A British Straits Settlement in the late 18th century transformed into a successful trading port and together with change of time the city not only develop progressively but was successful on retaining a piece of each era and its settlers resulting into a multicultural town to explore.
The Historic City of Georgetown or the so called “Core Zone” is a delight for anyone who appreciates a throw back in time city vibe, where every windows and doors are representation of a certain era. Seeing two building standing side by side, how they were possibly built on a different time and survived same event is a remarkable thing to witness, to think that they are still standing to this day and somehow revealing the story of Penang is just the perfect reason to appreciate the city even more.
One of the most unique area in Penang is the Clan Jetties.
Part of the Heritage Trail and located at the end of Lebuh Chulia close to the ferry terminal, the century-old Clan Jetties are considered as the last bastion of the old Chinese settlement in the island.
With the construction of quay in 1882, part of the waterfront was developed into jetties for trading purpose and to berth boats. Consequently, each jetty was occupied and monopolized by certain clan for work consignments which eventually turn the jetties into their very own residential area that has been handed down to succeeding generations.
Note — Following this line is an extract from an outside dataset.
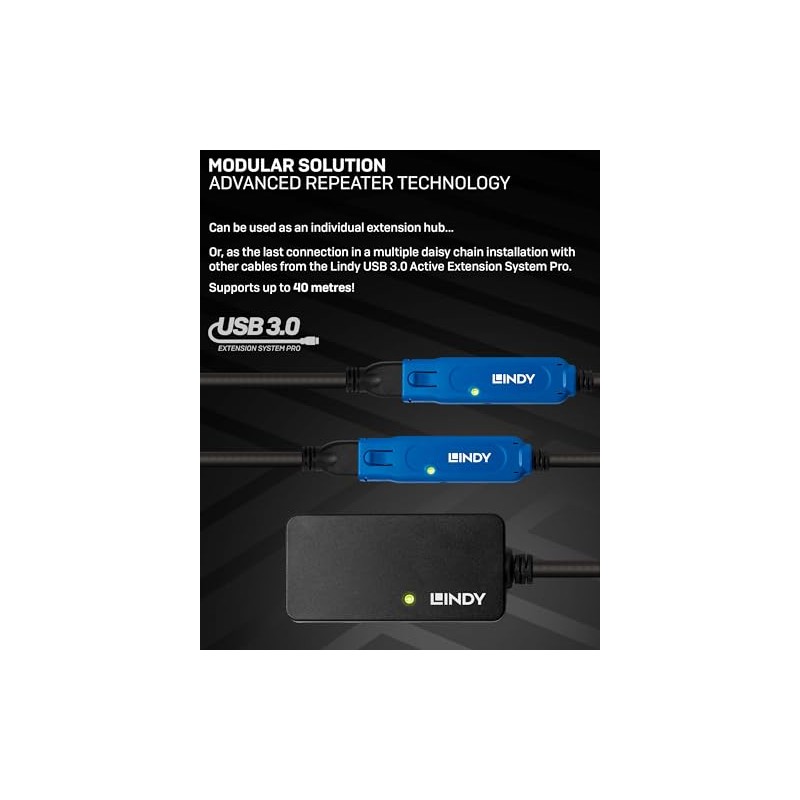 - connect to either 43158 or 43157 to extend your usb 3.0 active extension system up to 18, 28 or 38m
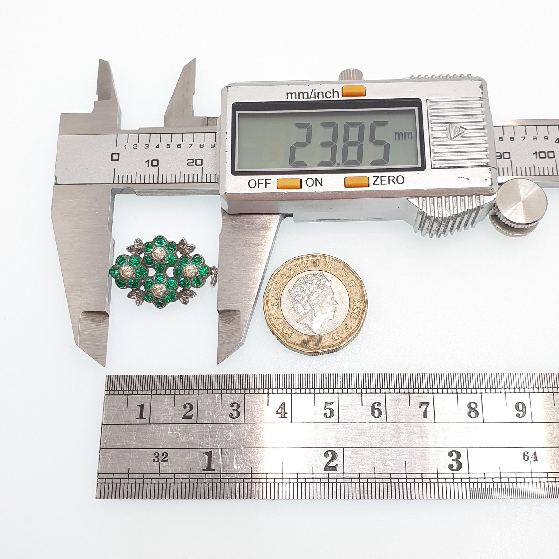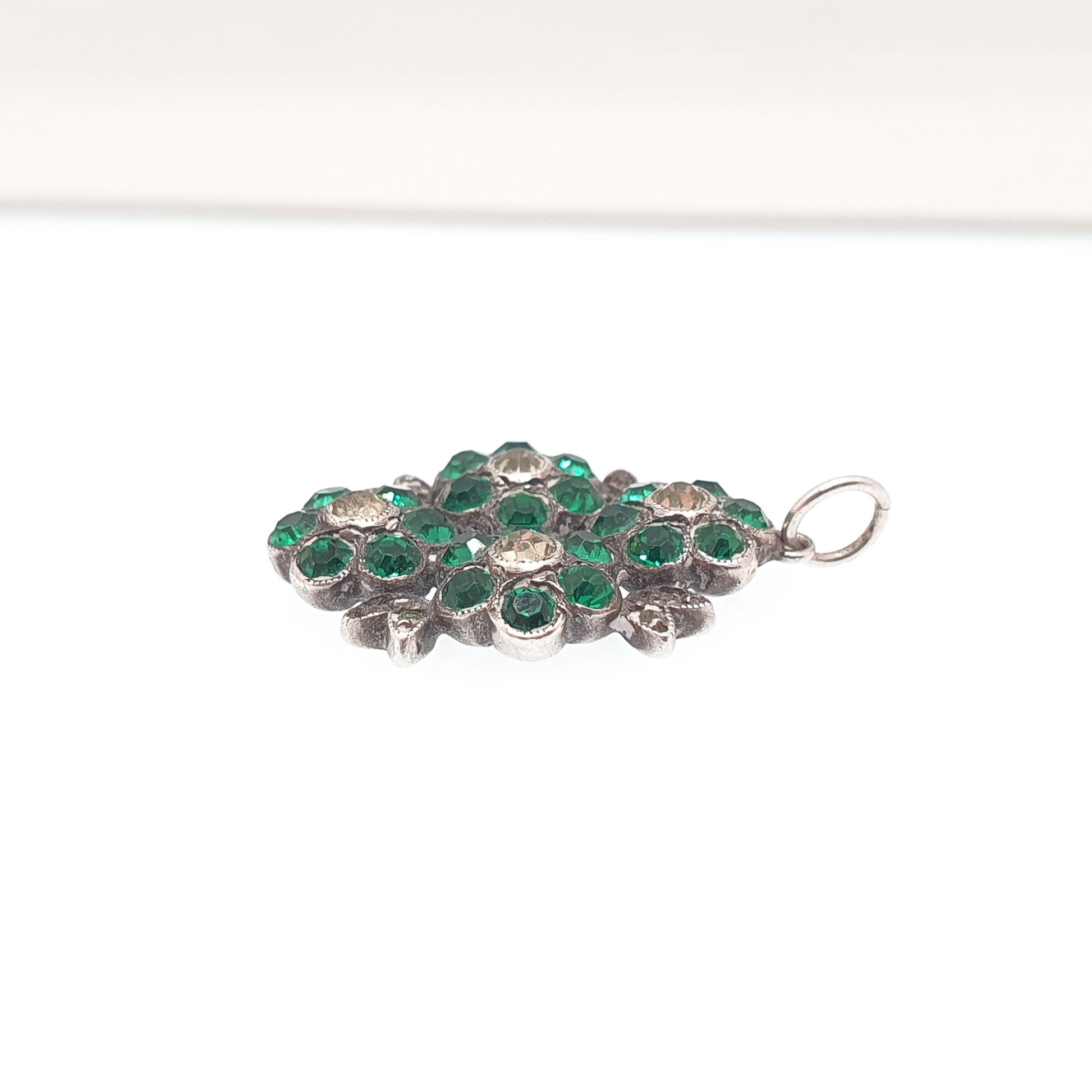 DESCRIPTION: A gorgeous antique Victorian solid silver flower pendant, adorned with diamond tone and emerald tone pastes. The item weighs approx. 4.52g and the size dimensions are in the later photos. The item isn't stamped/hallmarked, it tests for high grade silver (800+). As to be expected with age some of the pastes have darkened, in general though the pendant still has an eye-catching sparkle.

With 38 rooms, 5 granite-paved courtyards, 7 staircases & 220 vernacular timber louvre window, the mansion built in the late 19th century by the merchant Cheong Fatt Tze is a good example of Chinese architecture with a twist of Western style.
The mansion was built carefully according to the principle of Feng Shui however it is not the reason behind as to why the house was painted blue. Blue was a popular color during the Colonial period, achieved by mixing lime with natural dye imported from India by the British.
For me the best representation of Georgetown architectural heritage is the Shophouse. It is said that the city has the largest number of pre-Second World War shophouse compare to other cities such as Kuala Lumpur and Singapore.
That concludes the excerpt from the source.